(Required action): Your copy should repeat the data that follows exactly and contain no image.

(Recorded information):
--------------------------------

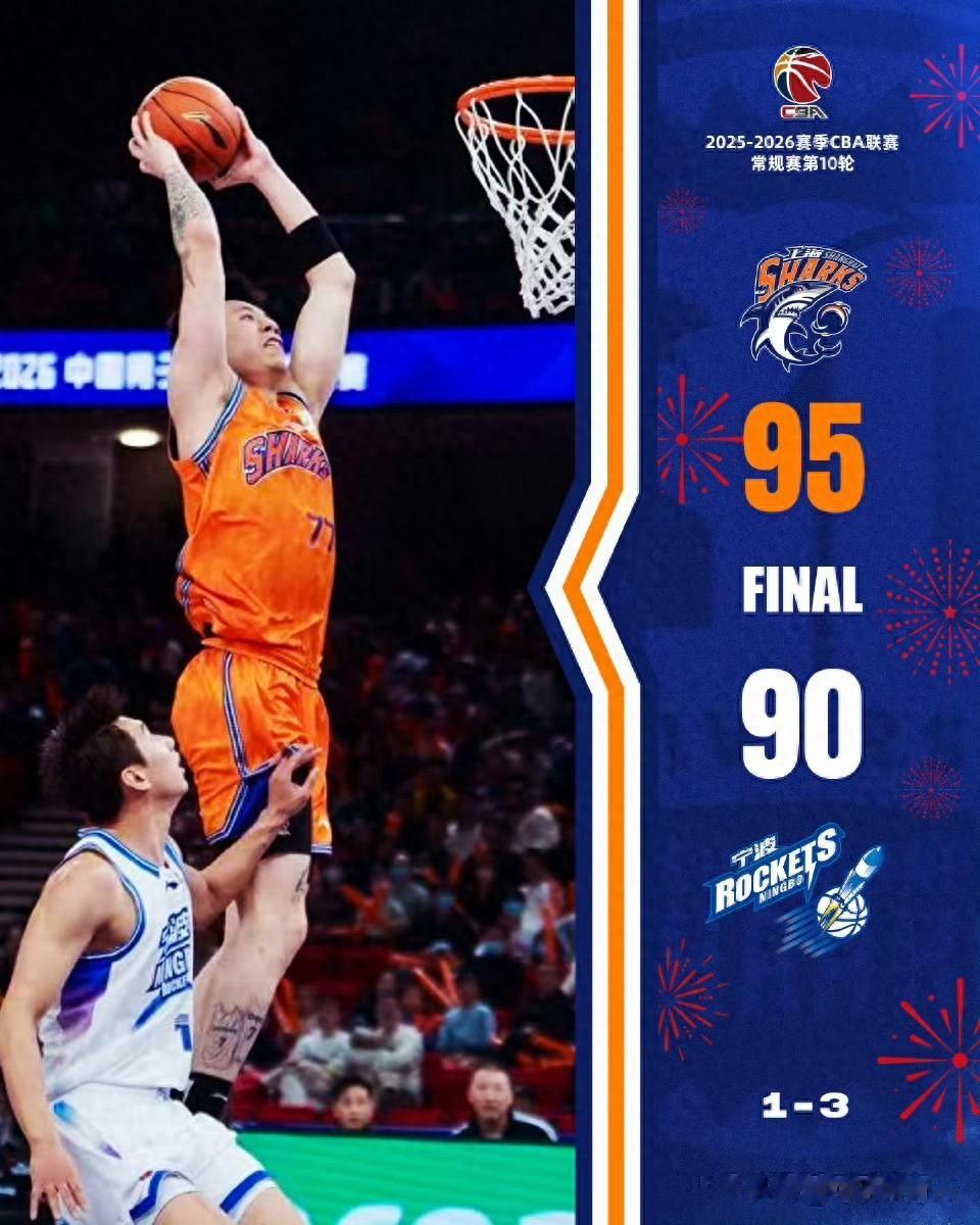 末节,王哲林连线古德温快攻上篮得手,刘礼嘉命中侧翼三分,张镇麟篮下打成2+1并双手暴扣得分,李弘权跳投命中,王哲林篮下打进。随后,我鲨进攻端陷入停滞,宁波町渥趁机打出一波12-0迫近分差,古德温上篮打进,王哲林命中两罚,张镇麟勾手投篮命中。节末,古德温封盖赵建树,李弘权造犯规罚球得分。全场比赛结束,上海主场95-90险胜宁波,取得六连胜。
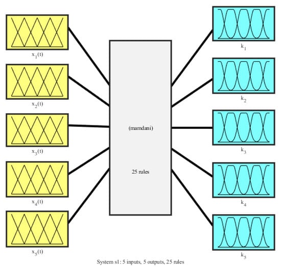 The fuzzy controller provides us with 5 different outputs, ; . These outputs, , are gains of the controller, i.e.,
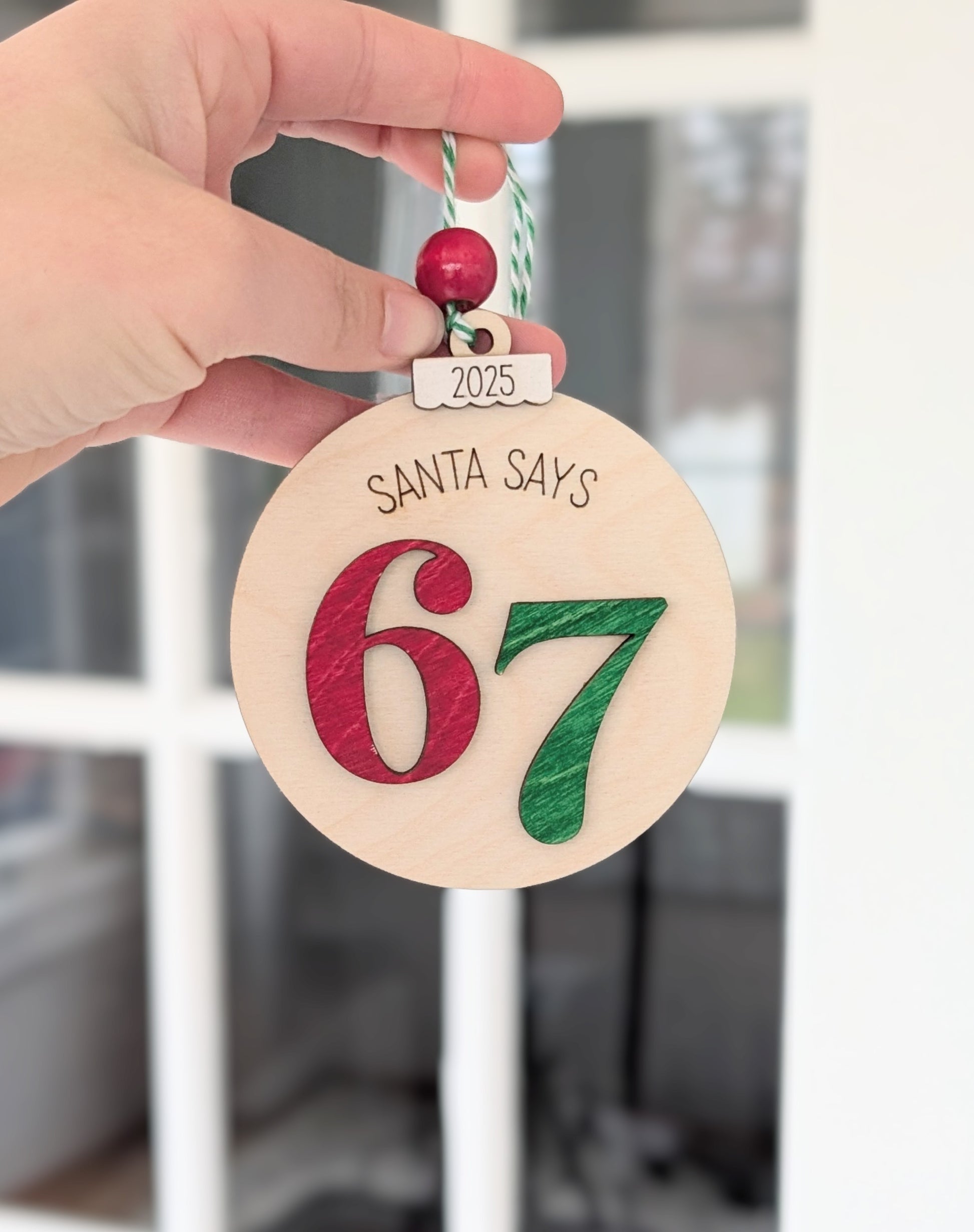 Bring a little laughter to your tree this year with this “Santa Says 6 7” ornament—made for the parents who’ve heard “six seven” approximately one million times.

--------------------------------

(Solution):
 末节,王哲林连线古德温快攻上篮得手,刘礼嘉命中侧翼三分,张镇麟篮下打成2+1并双手暴扣得分,李弘权跳投命中,王哲林篮下打进。随后,我鲨进攻端陷入停滞,宁波町渥趁机打出一波12-0迫近分差,古德温上篮打进,王哲林命中两罚,张镇麟勾手投篮命中。节末,古德温封盖赵建树,李弘权造犯规罚球得分。全场比赛结束,上海主场95-90险胜宁波,取得六连胜。
 The fuzzy controller provides us with 5 different outputs, ; . These outputs, , are gains of the controller, i.e.,
 Bring a little laughter to your tree this year with this “Santa Says 6 7” ornament—made for the parents who’ve heard “six seven” approximately one million times.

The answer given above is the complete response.